1. Hukuk Dairesi 2021/1764 E. , 2022/766 K.
MAHKEMESİ : SAKARYA BÖLGE ADLİYE MAHKEMESİ 1. HUKUK DAİRESİ
DAVA TÜRÜ : TAPU İPTALİ VE TESCİL
Taraflar arasındaki tapu iptali ve tescil istemli dava sonunda Sakarya Bölge Adliye Mahkemesi 1. Hukuk Dairesince verilen 11/03/2021 tarihli, 2021/319 Esas ve 2021/426 Karar sayılı ilamı yasal süre içerisinde asıl ve birleştirilen davada davacı vekili tarafından duruşma istemli temyiz edilmiş olmakla; duruşma günü olarak saptanan 27.01.2022 Perşembe günü için yapılan tebligat üzerine temyiz edilen davalı ... vekili Avukat ...... geldi, davatiye tebliğine rağmen davacı vekili ve diğer davalılar vekili gelmediler. Yokluklarında duruşmaya başlandı, süresinde verilen ve kayıt olunduğu anlaşılan temyiz dilekçesinin kabulüne karar verildikten sonra, dosya incelenip gereği düşünüldü:
I. DAVA
Asıl davada davacı, dava konusu 2076 parsel sayılı taşınmazın mirasbırakan babasından kardeşlerine ve kendisine intikal ettiğini, kardeşi olan davalı ...’in taşınmazda yapılacak inşaat işleri ile ilgilenmesi için payını kendisine devretmesi, diğer kız kardeşinin de devrettiği, alınacak dairelerin kardeşler arasında eşit paylaşılacağı yönünde beyanda bulunması üzerine kendisinin de bedelsiz olarak payını devrettiğini, 2016 yılı Ağustos ayında oğlunun taşınmazın yanından geçerken inşaatın başladığını gördüğünü, bunun üzerine yaptığı araştırmada taşınmazda kat irtifakı tesis edildiğini, erkek kardeşlerden ...’e 7, ...’e 9 ve davalı ...’e 8 adet bağımsız bölüm, kız kardeşlerden ...’ye ise 4 adet bağımsız bölüm tescil edildiğini öğrenince kandırıldığını anladığını, fiil ehliyetinin de olmadığını, hile ve gabine uğradığını ileri sürerek, tapu kayıtlarının iptali ile payının adına tesciline karar verilmesini istemiş, aşamada davalı ...’e isabet eden yerlerin ... ve ...’e bağış suretiyle devredildiğini öğrendiklerini belirterek, onların da davaya dahil edilmesini istemiştir.

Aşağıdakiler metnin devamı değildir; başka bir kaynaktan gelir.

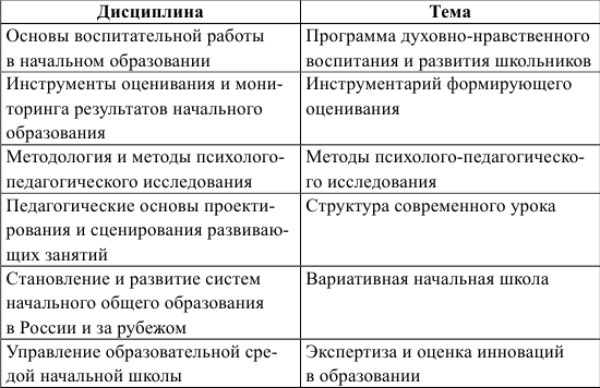 Тренинги в профессиональной подготовке магистра начальной школы представлены дисциплинами по выбору, относящимися как к психолого-педагогической части программы, так и методической, например: «Развитие творческого потенциала младших школьников».

Birleştirilen davada davacı, davalı ...’e düşen 8 adet bağımsız bölümün muvazaalı olarak davalı ... ve ...’a bağışlandığını ileri sürülerek, bağış işleminin iptaline, asıl davaya konu alacağının faizi ile tahsiline karar verilmesini istemiştir.
II. CEVAP
Asıl davada davalı, davacının taşınmazdaki payını bedeli karşılığında kendisine sattığını, pişman olunca böyle bir dava açtığını, hak düşürücü sürenin geçtiğini, davacının öğrendiğini iddia ettiği tarihin doğru olmadığını, fiil ehliyetini haiz olmayan kişinin dava da açamayacağını, davacının hile veya gabine düşürülmediğini belirterek, davanın reddini savunmuştur.
Dahili davalılar, haklarında usulüne uygun olarak açılmış bir dava olmadığını belirterek, davanın reddini savunmuşlardır.
Birleştirilen davada davalı ..., davacının asıl davadaki iddialarını ispatlayamadığı için davayı uzatmak adına bu davayı açtığını, ispat yükünün davacıda olduğunu belirterek, davanın reddini savunmuştur.
Birleştirilen davada davalı ... ve ..., eldeki davanın asıl dava ile derdest olduğunu, davacının iddialarını ispatlayamadığını, davalı ...’in taşınmazları kendilerine bağışladığını belirterek davanın reddini savunmuşlardır.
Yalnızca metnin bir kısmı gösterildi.